Game Type: ESRB Rating: Teen Platform/Console: , , , , LWK Recommended Age: 13+ Thinking Skills Used: ,

Nintendo Switch PC Xbox One Xbox Series X/S Steam


Skatebird is a sports game in the style of Tony Hawk’s series of skateboarding games. In the game, you customize your own bird and skate around on a series of miniature homemade skateparks, including half pipes made from magazines and rails made from plastic straws. 

You play as a bird who lives in a house with some other birds and your “Big Friend.” Lately, Big Friend does not seem to want to do much of anything, and has even stopped their favorite sport, skateboarding. You decide that you will create your own miniature skatepark in order to keep yourself entertained and get your Big Friend to cheer up. If you are really good, you might even inspire them to pick their board back up again! 

In the game, the player controls the bird’s movements on the skateboard while pressing different buttons to execute different moves. Skating around the area will reveal other birds who live in the house who have missions for you to complete. Each mission is timed, meaning that the player needs to complete the objectives listed before the timer runs out. 

Skatebird is rated T for Teen due to lyrics in the game’s soundtrack. LearningWorks believes that every parent knows what is best for their child and should weigh this information against their own knowledge of their child when making game-purchasing decisions.

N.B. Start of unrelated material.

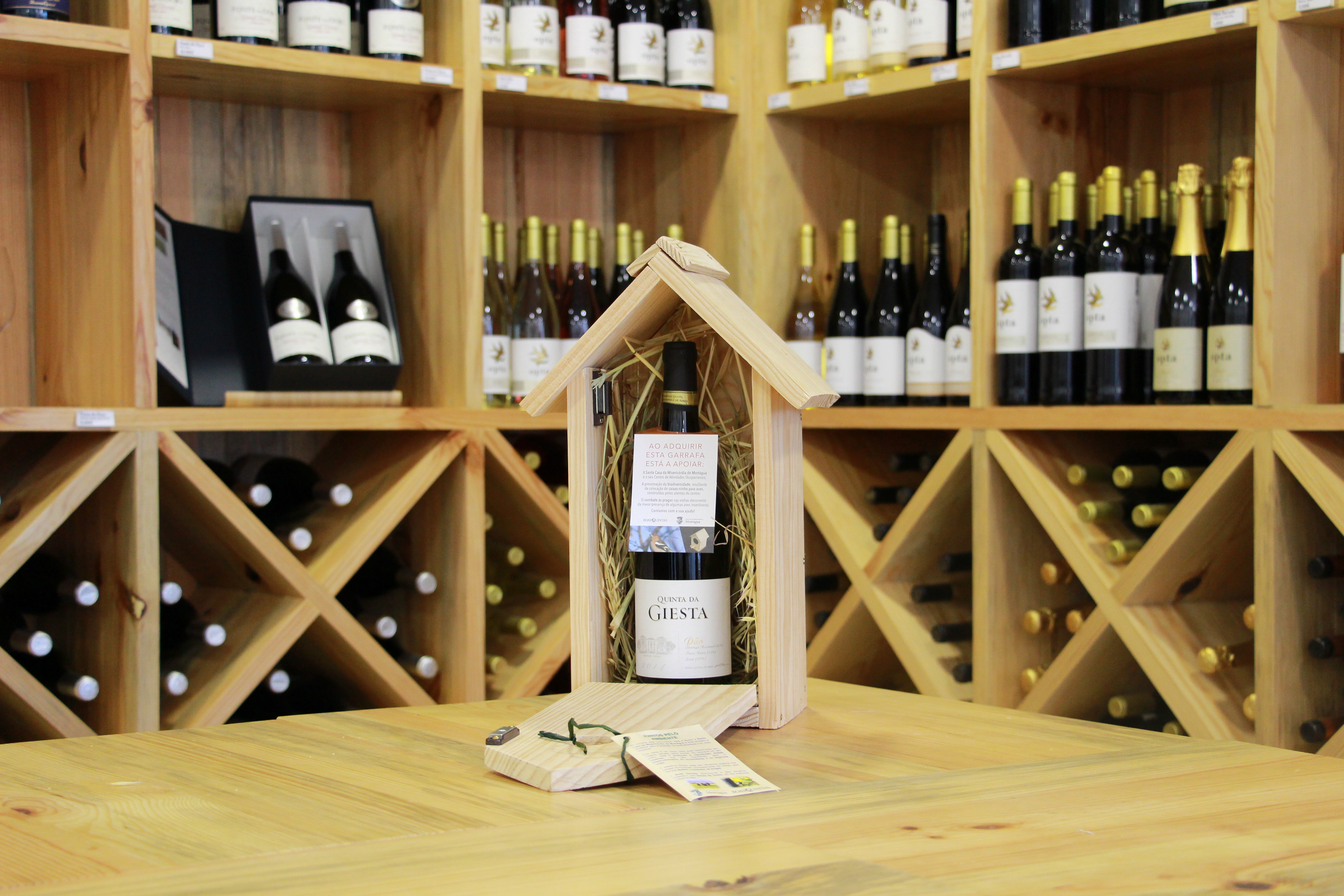 Cada ninho é vendido com uma garrafa Quinta da Giesta no seu interior. Existe também uma versão em kit, criada para incentivar os adultos a construírem “casinhas de pássaros” com as crianças, incutindo-lhes sensibilidade ambiental, de uma forma lúdica.

Skatebird helps kids practice and improve the following skills:

Working Memory: Recalling and retaining information in our minds while working.

Skatebird is a great way for players to practice their working memory skills. In order to execute skating tricks in the game, the player needs to be able to remember which buttons perform which tricks while they are in the act of skating. For players who struggle with working memory, they can skate around as long as they want to practice their tricks before taking on any missions from the other birds. 

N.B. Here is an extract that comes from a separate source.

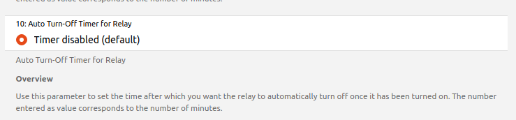 Parameter 10 for this device is “Auto Turn-Off Timer for Relay”.

The players also need to use their working memory in order to remember the layouts of the different maps. For some challenges, the player needs to find items or remember where certain objects are located. If they cannot find them within the time limit, they will need to repeat the mission. But missions can be repeated as many times as necessary so there is no “game over” as a result. 

Time Management: Working under pressure. 

In order to complete missions from the other bird friends in the game, the player will need to check off each item on the objective list within a certain amount of time. This means the player will need to work under pressure to complete the objectives. For players who struggle with time management, these missions can be repeated as many times as necessary.